Apa yang mengikuti adalah dapat diprediksi, dan kami telah mendokumentasikan pola-pola spesifik dalam penelitian AI Leak Surface kami. Kompromi runtime melewati pertahanan perimeter tradisional karena agen sudah berada di dalam jaringan. Rantai agen otonom menciptakan kegagalan berantai. Satu agen yang dieksploitasi memicu efek domino di seluruh sistem terhubung. Logika propietary bocor melalui data exhaust yang tidak pernah dipantau. Agen kehilangan kemampuan untuk membedakan antara niat perusahaan dan input berbahaya karena tidak ada identitas atau ikatan kebijakan yang dapat diverifikasi pada runtime.
Ini bukanlah hipotetis. Kami memetakan 46 vektor di mana data melampaui kontrol yang dimaksudkan, bahkan ketika tidak ada yang tampak rusak. Agen AI menghasilkan dan berbagi data dengan kecepatan mesin. Tanpa perlindungan runtime yang dapat diverifikasi yang terintegrasi ke dalam alur kerja, kegagalan berpropagasi lebih cepat dari tim keamanan yang dapat mendeteksi atau merespons.
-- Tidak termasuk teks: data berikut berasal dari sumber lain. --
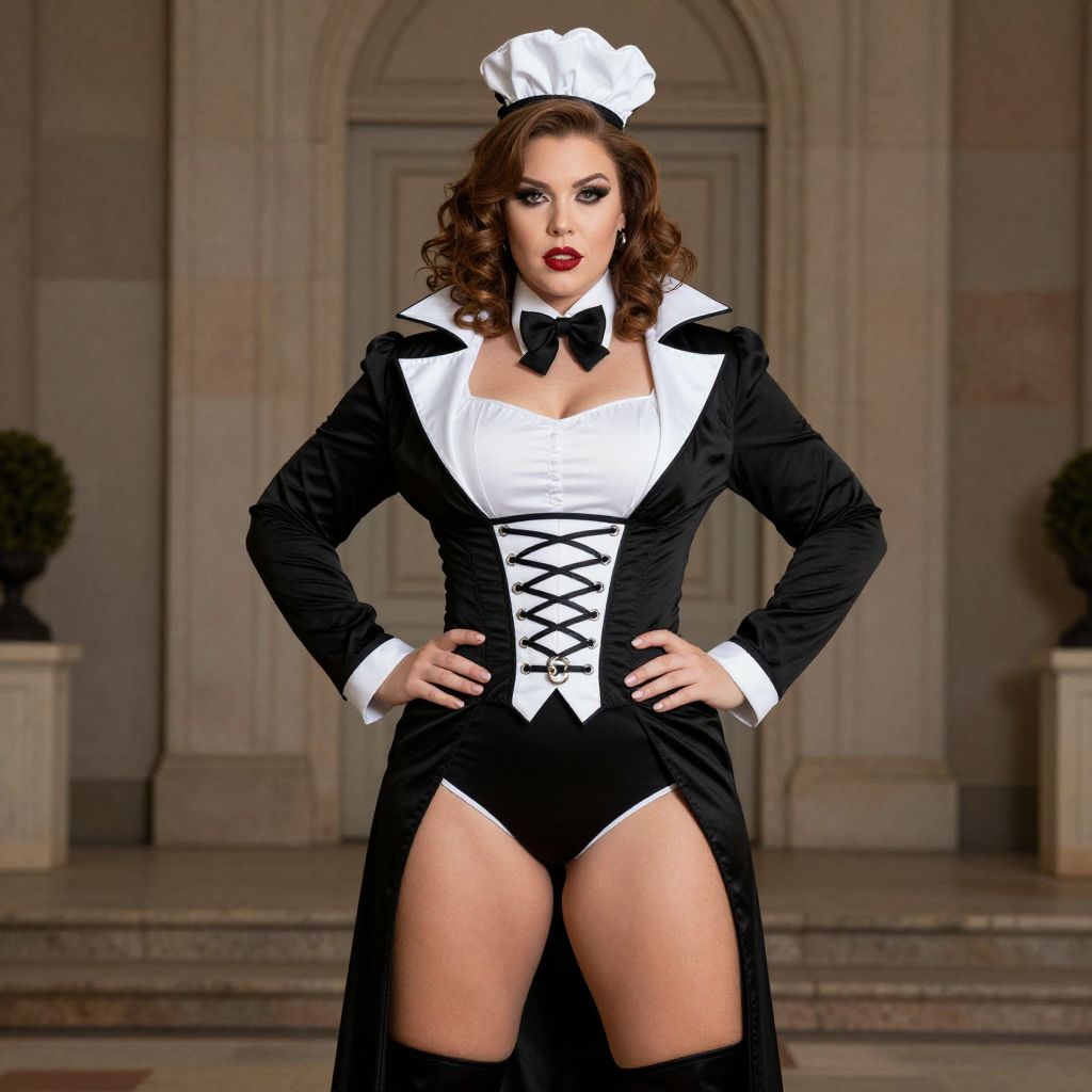 Photograph of a curvy, brunette woman in a sexy black and white French maid outfit with a lace-up front, revealing her thighs. She stands
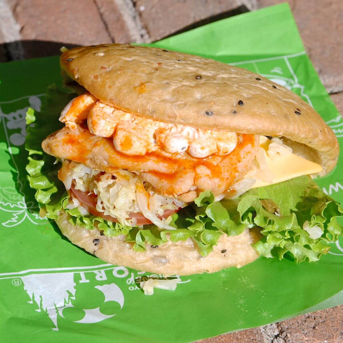ザワークラウト(キャベツの漬物)とピリ辛なバッファローソースが効いたサンドウィッチです。
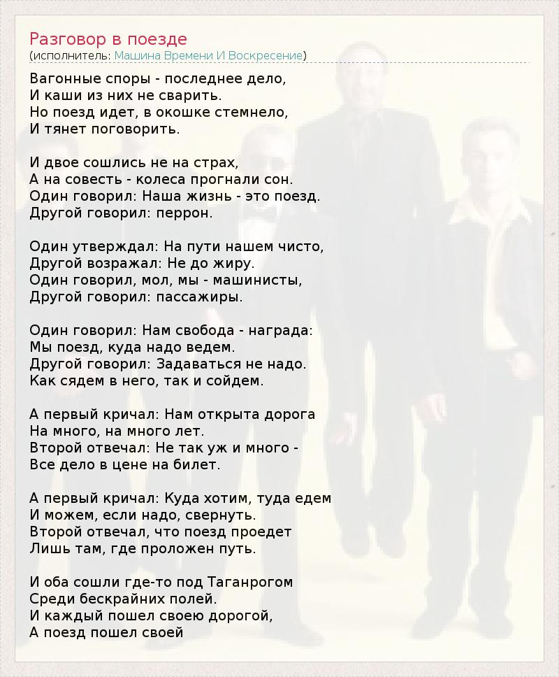 Вагонные споры - последнее дело, И каши из них не сварить. Но поезд идет, в окошке стемнело, И тянет поговорить. И двое сошлись не на страх, А на совесть - колеса прогнали сон. Один говорил: Наша жизнь - это поезд. Другой говорил: перрон. Один утверждал: На пути нашем чисто, Другой возражал: Не до жиру. Один говорил, мол, мы - машинисты, Другой говорил: пассажиры. Один говорил: Нам свобода - награда: Мы поезд, куда надо ведем. Другой говорил: Задаваться не надо. Как сядем в него, так и сойдем. А первый кричал: Нам открыта дорога На много, на много лет. Второй отвечал: Не так уж и много - Все дело в цене на билет. А первый кричал: Куда хотим, туда едем И можем, если надо, свернуть. Второй отвечал, что поезд проедет Лишь там, где проложен путь. И оба сошли где-то под Таганрогом Среди бескрайних полей. И каждый пошел своею дорогой, А поезд пошел своей Машина времени - Разговор в поезде - Текст песни, слушать онлайн Машина времени - Разговор в поезде - Текст песни, слушать онлайн
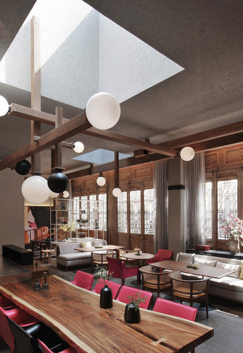 京劇藝術融匯于清中晚,盛于民初,近代西方的殖民化色彩、新民主思潮、東方封建傳統,都在這個時期碰撞、交融并五彩斑斕。在古老的清代建筑里,制造新與舊、結構與裝飾、東西方文化沖突。用碎片的、解構的方式來回應那個時代和詮釋戲劇沖突的主題,不是形式化具體的一個個只供瞻仰的戲曲元素,而是把印象分解重構,形成邏輯的關聯,重塑事物的印象,讓過去和現在對話,重組一個適合當下的住宿空間。以“附生”的方式,用“盒子”構成,把新的功能和組織嵌入古建結構中,裝飾依托功能,被裝置式的置入,營造“共生”關系,而不是拆移式的“重塑”。傳統的斗拱結構,結合寓意京劇鳳冠上的云珠及劇院后臺化妝燈的燈具,形成串聯所有不同空間的裝飾線索,并成為空間結構的一部分。戲曲的場景、人物、色彩被抽象化,運用到家具、陳設、燈具、導視系統之中。塑造一個“曖昧”,而主題不具體具象的空間,一如案名《西廂和中國傳統曲目《西廂記》的多重解讀。
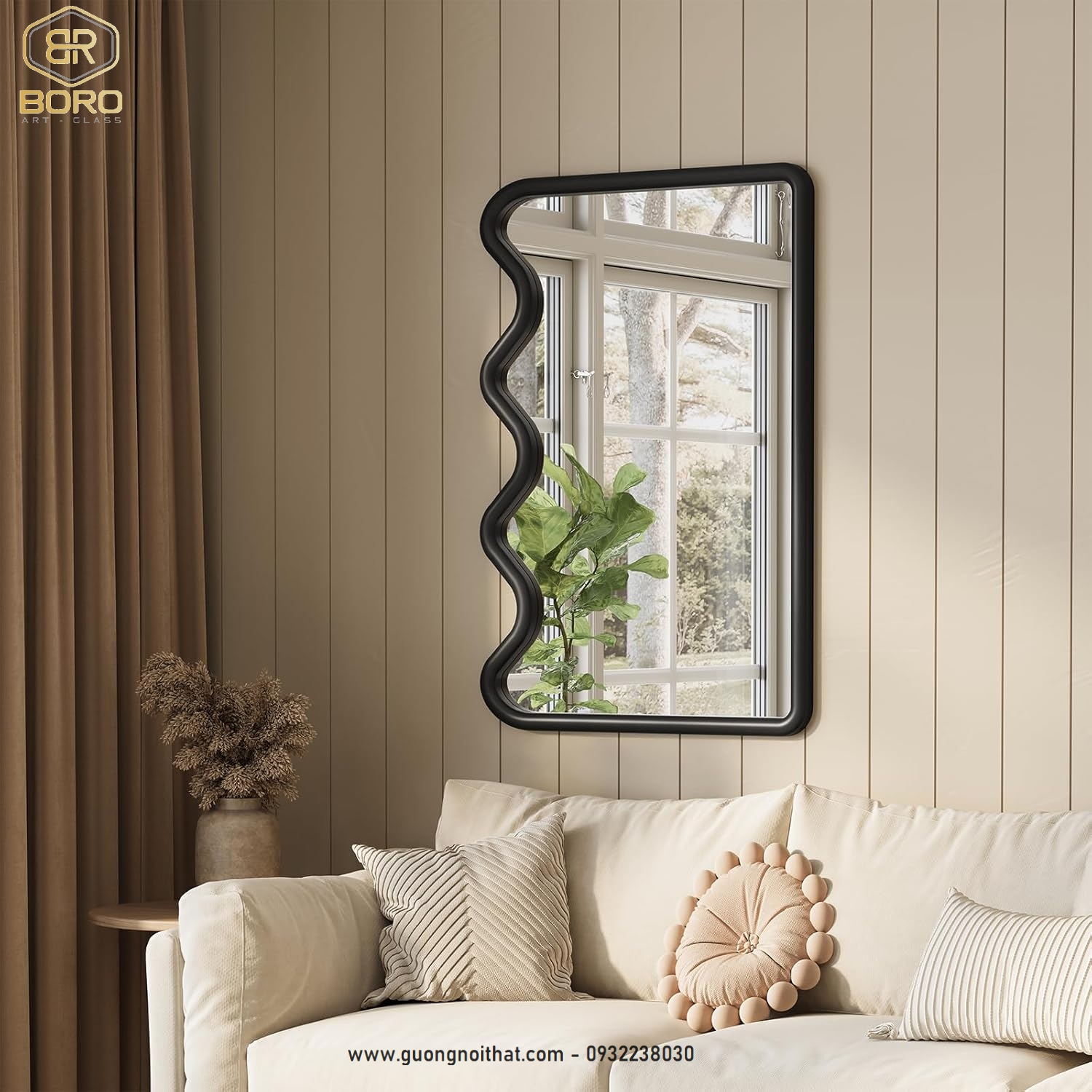 Gương treo tường gợn sóng, gương trang trí, gương trang điểm CNC164, kích thước 60*90 cm

Bagaimana organisasi terkemuka menyeimbangkan kebutuhan untuk membuka kemampuan AI lanjutan sambil melindungi aset data sensitif mereka?
Organisasi yang melakukan hal ini dengan benar memperlakukan privasi dan tata kelola sebagai pendorong, bukan rem. Itulah wawasan kunci.
Apa yang saya lihat di lapangan adalah bahwa perusahaan terkemuka memasangkan kemampuan AI lanjutan dengan platform AI yang dapat dipercaya yang memberikan jaminan yang dapat diverifikasi, bukan hanya daftar kepatuhan. Mereka membuka data sensitif untuk inovasi AI sambil memastikan informasi propietary tetap dilindungi, bahkan ketika alur kerja berjalan secara otonom.
Penggambaran lama adalah kemampuan versus keamanan. Organisasi yang bergerak paling cepat telah menolak perdagangan itu sepenuhnya. Mereka membangun kepercayaan yang dapat diverifikasi ke dalam fondasi strategi AI mereka, memungkinkan mereka untuk mengerahkan data paling berharga mereka. Pada saat yang sama, pesaing masih terjebak dalam mode pilot, menjalankan AI pada dataset yang disanitasi yang tidak menggerakkan jarum.
Berdasarkan apa yang Anda lihat hari ini, bagaimana Anda mengharapkan model tata kelola AI perusahaan berkembang selama beberapa tahun mendatang ketika sistem agen berpindah dari pilot ke produksi penuh?
Tata kelola akan berkembang dari kertas ke bukti. Itulah cara termudah saya dapat mengatakannya. Model tata kelola awal dibangun untuk perangkat lunak yang berjalan dengan kecepatan manusia: kebijakan pada kertas, persetujuan sebelum deploy, tinjauan setelah sesuatu salah. Sistem agen memecahkan setiap asumsi tersebut. Mereka beroperasi terus-menerus, bertindak secara otonom, dan menghasilkan efek berantai dengan kecepatan mesin.
Apa yang kami lihat adalah tata kelola bergeser ke arah verifiabilitas runtime sebagai batas keamanan baru, didukung oleh jaminan kriptografis yang membuktikan perilaku di seluruh tahap siklus hidup agen, sebelum, selama, dan setelah. Pola yang sama yang kami lihat dengan HTTPS menjadi default untuk lalu lintas web. Tidak ada lagi perdebatan tentang apakah mengenkripsi koneksi web. Dalam beberapa tahun, tidak ada lagi perdebatan tentang apakah memverifikasi eksekusi AI pada runtime. Itu akan menjadi syarat minimum.
Terima kasih atas wawancara yang luar biasa, pembaca yang ingin mempelajari lebih lanjut dapat mengunjungi OPAQUE.